* **TASK ITEM**: From the entries that follow, copy exactly the lines beginning at the line holding "[Re-Order] Check Ribbon" and continuing through the line holding "Flower CZ Stone".
** Opening INFORMATION SUPPLIED block **
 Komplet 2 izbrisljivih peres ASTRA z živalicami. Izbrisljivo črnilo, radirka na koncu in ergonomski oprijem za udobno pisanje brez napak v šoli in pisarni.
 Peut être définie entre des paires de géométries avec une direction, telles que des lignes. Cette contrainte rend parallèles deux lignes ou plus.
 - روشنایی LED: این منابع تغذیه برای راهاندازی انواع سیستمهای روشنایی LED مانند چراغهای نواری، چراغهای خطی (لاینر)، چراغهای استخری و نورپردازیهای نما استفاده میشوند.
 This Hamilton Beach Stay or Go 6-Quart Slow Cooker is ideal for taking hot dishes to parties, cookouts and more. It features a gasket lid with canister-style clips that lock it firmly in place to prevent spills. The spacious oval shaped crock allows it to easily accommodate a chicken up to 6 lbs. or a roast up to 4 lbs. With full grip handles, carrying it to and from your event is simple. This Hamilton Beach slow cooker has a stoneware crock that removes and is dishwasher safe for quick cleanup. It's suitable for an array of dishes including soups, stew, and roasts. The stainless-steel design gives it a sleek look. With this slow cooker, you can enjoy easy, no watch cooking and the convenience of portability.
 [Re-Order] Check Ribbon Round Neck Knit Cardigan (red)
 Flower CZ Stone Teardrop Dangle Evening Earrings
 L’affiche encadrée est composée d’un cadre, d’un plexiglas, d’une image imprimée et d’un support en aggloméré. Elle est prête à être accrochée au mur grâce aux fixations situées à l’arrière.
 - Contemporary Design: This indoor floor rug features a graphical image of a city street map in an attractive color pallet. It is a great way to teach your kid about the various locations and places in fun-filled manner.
** Closing INFORMATION SUPPLIED block **
* **OUTPUT OF THE EXERCISE**:
 [Re-Order] Check Ribbon Round Neck Knit Cardigan (red)
 Flower CZ Stone Teardrop Dangle Evening Earrings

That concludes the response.